[posted by Megan Darby on Climate Home News, January 4, 2018] The Norwegian government can continue to award oil exploration licences in the Arctic, Oslo district court ruled on Thursday, in a defeat for environmentalists.
Judges rejected the argument by Greenpeace and Nature and Youth that expanding oil production is incompatible with the country’s climate change obligations.
Norway is only responsible for the greenhouse gas emissions within its borders, not those caused by burning exported oil and gas, according to the verdict.
Truls Gulowsen, head of Greenpeace Nordic, expressed disappointment in the outcome. “It is terribly sad that the court did not take into account the global perspective of climate change,” he said, as reported by Norwegian publication NRK.
The green groups were ordered to pay the state’s legal costs of 580,000 kroner ($94,000).
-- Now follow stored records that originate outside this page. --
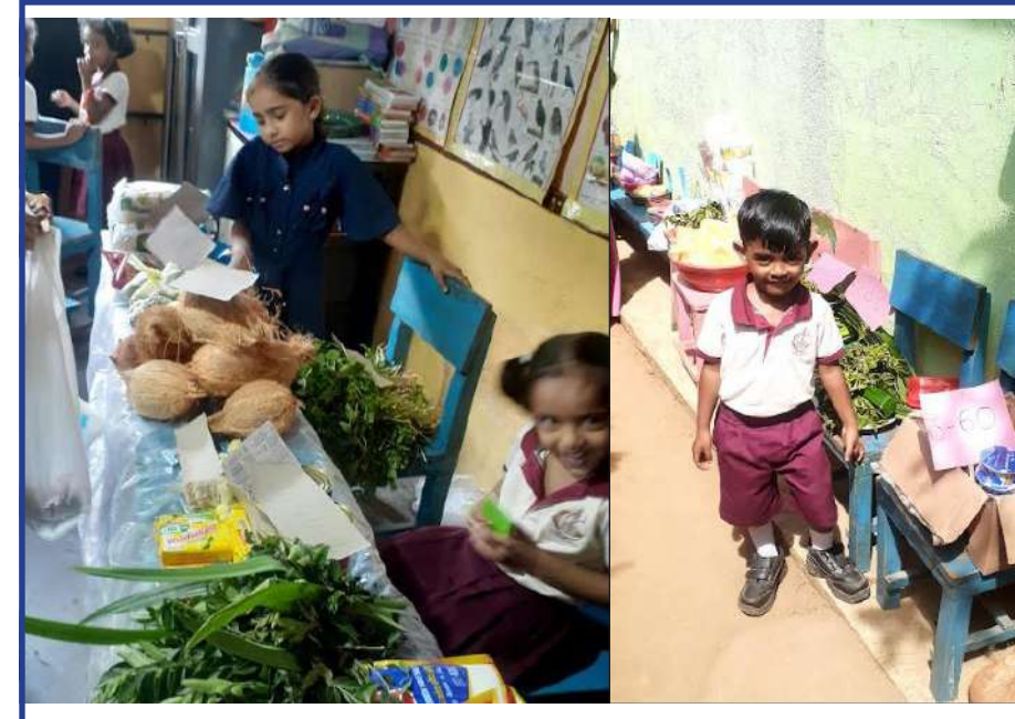
உலக சிறுவர்கள் தினத்தையொட்டி உக்குவளை மாருகொன பாத்திமா பாலர் பாடசாலையில் சிறுவர்களது சந்தை வியாபாரம் இடம்பெற்றதை படத்தில் காணலாம்.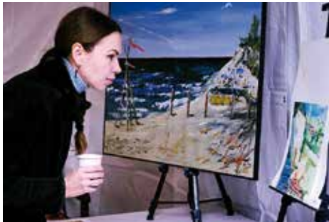
Kleinigkeiten zum Anschauen im Kunsthaus Elena Begma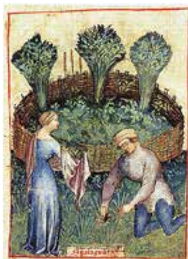
La culture des asperges dans le Tacuinum sanitatis , XVe siècle.

Le plus ancien texte connu mentionnant la culture de l'asperge en France est un inventaire du potager des chanoines de la collégiale Saint-Amé de Douai, écrit vers 1469 à la suite d'un procès. Le document appartient à la région des Hauts de France.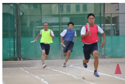
色別対抗リレー(体育祭)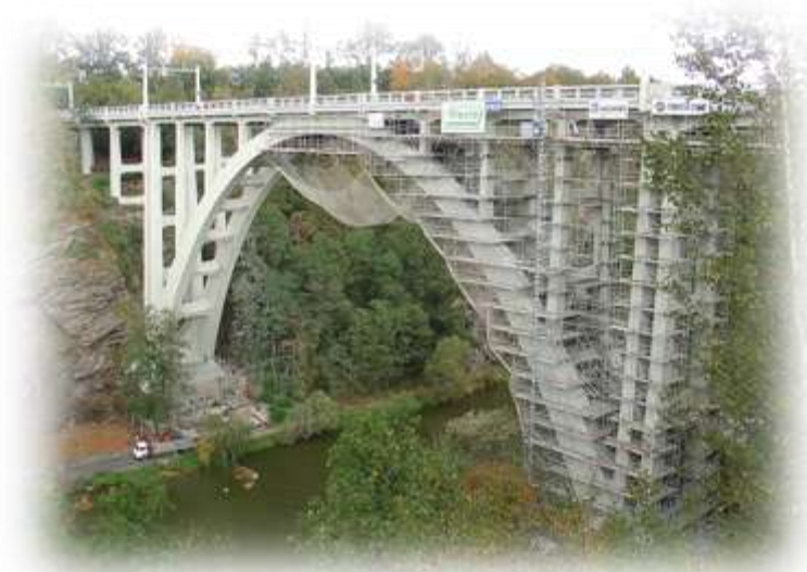
Rekonstrukce mostu v Bechyni

They have not decided whether to appeal, according to Gulowsen.
This decision in Norwegian #climatechange case #PeopleVsArcticOil is a step backward. The courts should not buy into the political gamble of “our/their #emissions” and protect the public from dangerous activities disrupting the #climate if there’s sufficient interest involved. https://t.co/LTqXxC1Tka — Sam Varvastian (@SamVarvastian) January 4, 2018
The suit was a test case for the keep-it-in-the-ground movement, which calls for constraints on fossil fuel production to tackle climate change.
Analysts calculate at least two thirds of proven coal, oil and gas reserves cannot be used if global warming is to be held below 2C – the internationally agreed goal. But the Paris Agreement focuses on cutting emissions, giving no explicit guidance on which fossil fuels may be exploited within those limits.
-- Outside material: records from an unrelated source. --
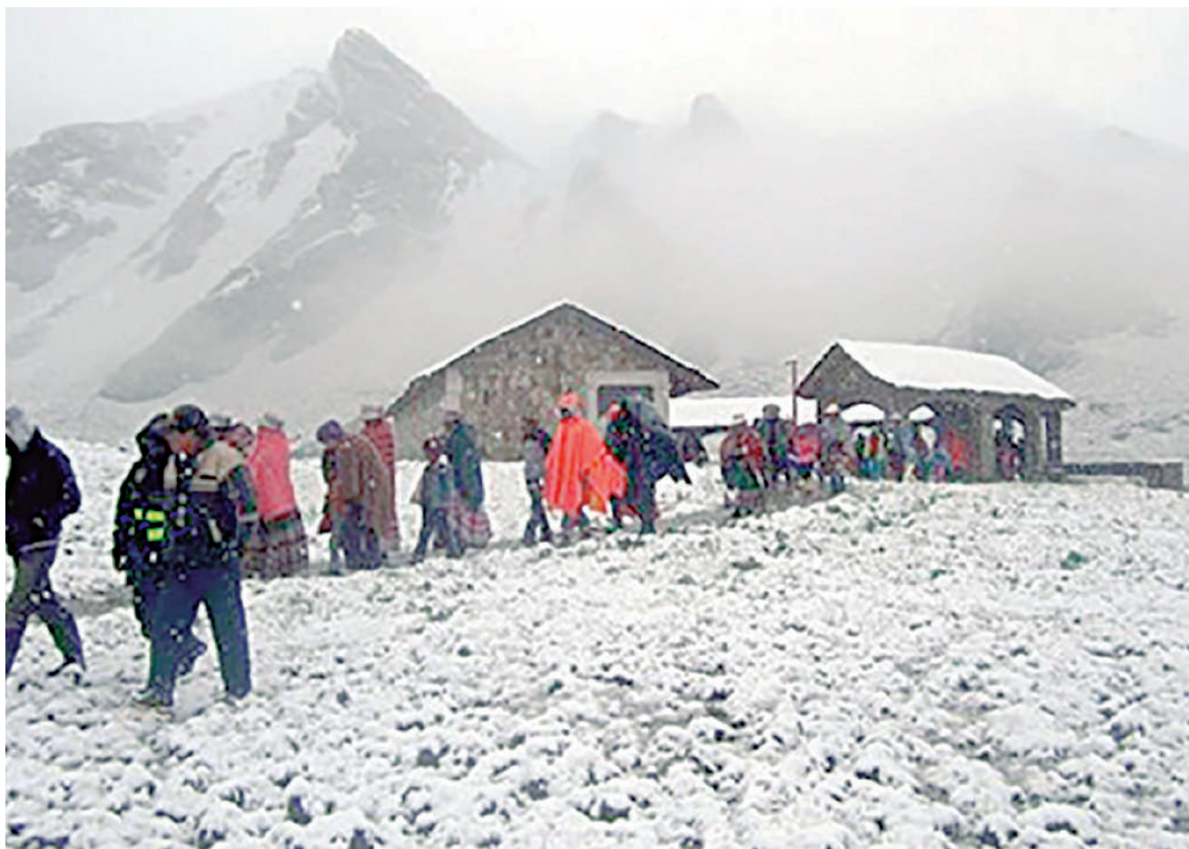
● INTENSO FRÍO se registra en la región.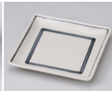
215-403-792 1,300円 布目帯ライン新6.0正角皿 (21×14.5×2.2) 1121540179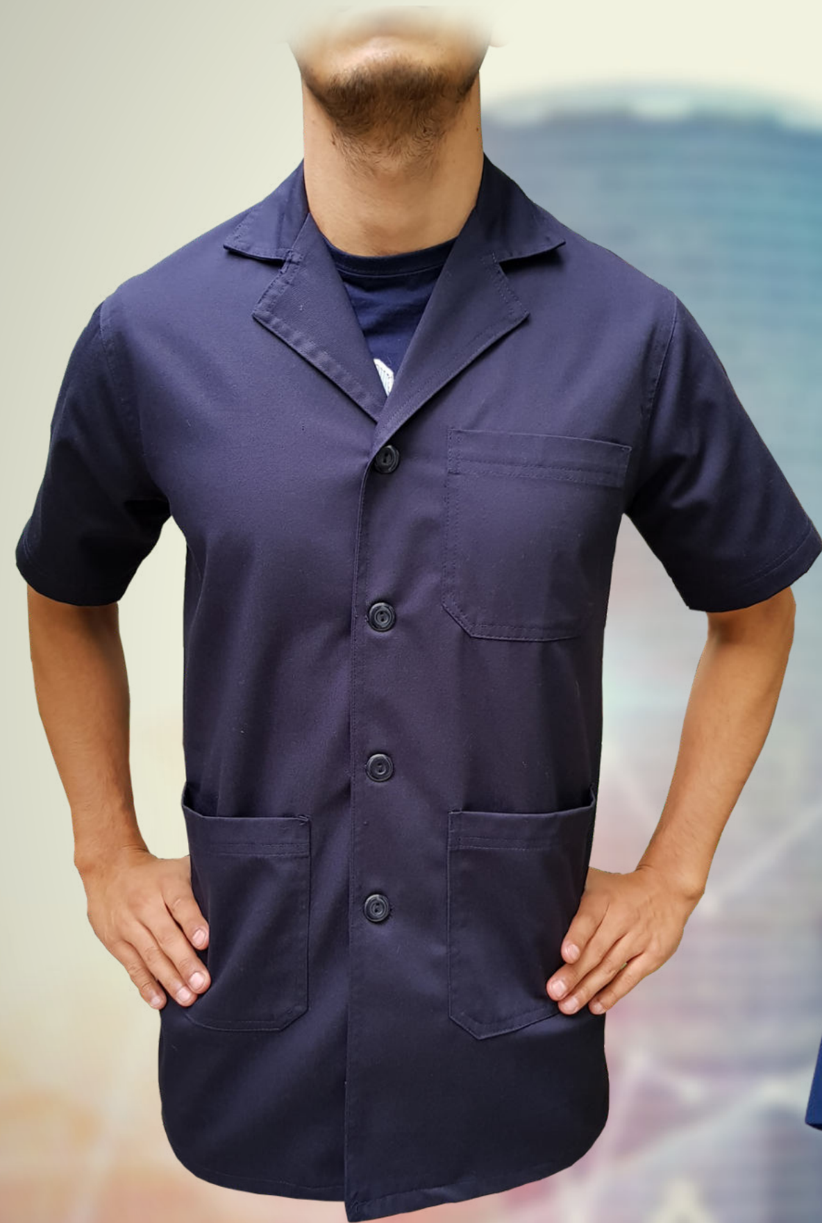
BATA INDUSTRIAL CO: BT16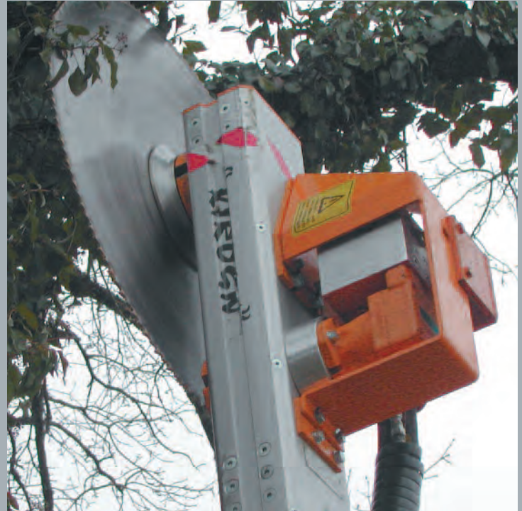
LEM 9001 (largeur de coupe 0m90)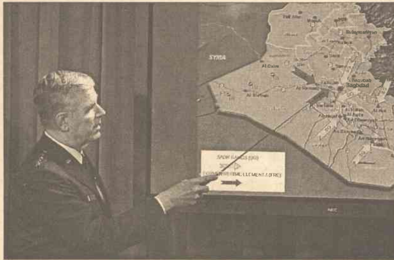
Generał Richard Myers, naczelnik Sztabu Generalnego USA, podczas konferencji prasowej w Pentagonie wskazał dziennikarzom miejsca, gdzie w ostatnich dniach nasiliły się walki z oddziałami Muktady al-Sadra

Krwawe zajścia 9 kwietnia 1989 roku wywołały potężny rezonans w całym ZSRR. Człowiek, który kierował śledztwem w tej sprawie Anatolij Sobczak — jeden z przywódców rosyjskich demokratów, a później wieloletni mer Petersburga — nie wahał się określić ich mianem „zbrodni przeciwko ludzkości”. Dzisiaj w Tbilisi zostanie otwarta ulica jego imienia. Masakra była odpowiedzią radzieckich władz na wielką demonstrację, której towarzyszyły postulaty niepodległości Gruzji. Gdy w kwietniu 1989 roku na głównej ulicy Tbilisi, prospeście Rustawelego zaczął zbierać się tłum niepodległościowych i demokratycznych demonstrantów, władza postanowiła użyć siły. Namawiał miał do tego ówczesny przywódca Gruzji Dżumber Patiaszwili. Jak twierdził

Norway has one of the most ambitious national carbon-cutting targets in the world and is ahead of the curve in promoting clean technology like electric vehicles. At the same time, its energy exports have a substantial carbon footprint abroad.
While the Oslo judgment does not prohibit Arctic oil exploration, it is increasingly contentious politically, becoming a major theme in the 2017 general election campaign.
There are also signs of industry interest waning, following weak initial results. Only 11 companies applied for drilling rights in the Barents Sea in the latest licensing round, down from 26 in the previous offering. Shell was the sole supermajor to bid.
Depressed oil prices since a 2014 peak make the economics of operating in tough environments like the frozen north more challenging.
Norway’s $1 trillion sovereign wealth fund last year proposed to ditch oil and gas stocks to limit its exposure to price risks.